### AVAILABLE RECORDS
○ ○ ○ ○ ○ ○ ○
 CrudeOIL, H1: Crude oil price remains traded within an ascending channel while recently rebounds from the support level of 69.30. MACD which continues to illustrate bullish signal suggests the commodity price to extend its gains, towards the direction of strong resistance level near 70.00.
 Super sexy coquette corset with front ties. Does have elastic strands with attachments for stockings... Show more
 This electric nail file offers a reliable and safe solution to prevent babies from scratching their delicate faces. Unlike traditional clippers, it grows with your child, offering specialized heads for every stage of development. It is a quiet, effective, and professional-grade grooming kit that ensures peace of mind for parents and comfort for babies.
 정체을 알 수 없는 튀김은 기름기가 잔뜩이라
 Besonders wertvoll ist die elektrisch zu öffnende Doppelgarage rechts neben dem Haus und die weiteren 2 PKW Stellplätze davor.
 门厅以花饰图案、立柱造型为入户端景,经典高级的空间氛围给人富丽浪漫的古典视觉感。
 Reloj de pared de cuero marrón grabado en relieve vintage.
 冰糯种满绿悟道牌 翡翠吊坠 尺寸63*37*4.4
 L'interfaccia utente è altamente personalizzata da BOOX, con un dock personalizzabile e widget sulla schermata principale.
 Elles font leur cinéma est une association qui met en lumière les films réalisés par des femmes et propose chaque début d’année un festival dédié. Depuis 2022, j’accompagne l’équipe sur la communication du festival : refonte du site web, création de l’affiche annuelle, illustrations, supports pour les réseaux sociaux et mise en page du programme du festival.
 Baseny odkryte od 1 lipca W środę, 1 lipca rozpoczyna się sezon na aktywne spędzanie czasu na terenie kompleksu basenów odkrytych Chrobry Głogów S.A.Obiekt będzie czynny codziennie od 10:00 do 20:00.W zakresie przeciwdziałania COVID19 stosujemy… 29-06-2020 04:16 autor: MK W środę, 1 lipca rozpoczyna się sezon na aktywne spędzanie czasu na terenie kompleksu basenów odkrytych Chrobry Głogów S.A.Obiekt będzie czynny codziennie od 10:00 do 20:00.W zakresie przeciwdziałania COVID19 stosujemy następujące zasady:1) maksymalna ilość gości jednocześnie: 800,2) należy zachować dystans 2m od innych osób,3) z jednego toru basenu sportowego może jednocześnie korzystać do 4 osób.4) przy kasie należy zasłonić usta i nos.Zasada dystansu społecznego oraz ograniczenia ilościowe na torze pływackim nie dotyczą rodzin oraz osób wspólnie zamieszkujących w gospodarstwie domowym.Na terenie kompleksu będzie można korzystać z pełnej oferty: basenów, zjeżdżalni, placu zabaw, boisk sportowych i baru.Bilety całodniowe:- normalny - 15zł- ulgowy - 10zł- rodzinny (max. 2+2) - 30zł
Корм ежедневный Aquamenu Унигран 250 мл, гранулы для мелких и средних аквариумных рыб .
○ ○ ○ ○ ○ ○ ○
### WHAT IS BEING ASKED
Lines from the start of the records through the one containing "Super sexy coquette" are what should be retyped, exactly and in full, both ends included.

### WRITTEN SOLUTION
 CrudeOIL, H1: Crude oil price remains traded within an ascending channel while recently rebounds from the support level of 69.30. MACD which continues to illustrate bullish signal suggests the commodity price to extend its gains, towards the direction of strong resistance level near 70.00.
 Super sexy coquette corset with front ties. Does have elastic strands with attachments for stockings... Show more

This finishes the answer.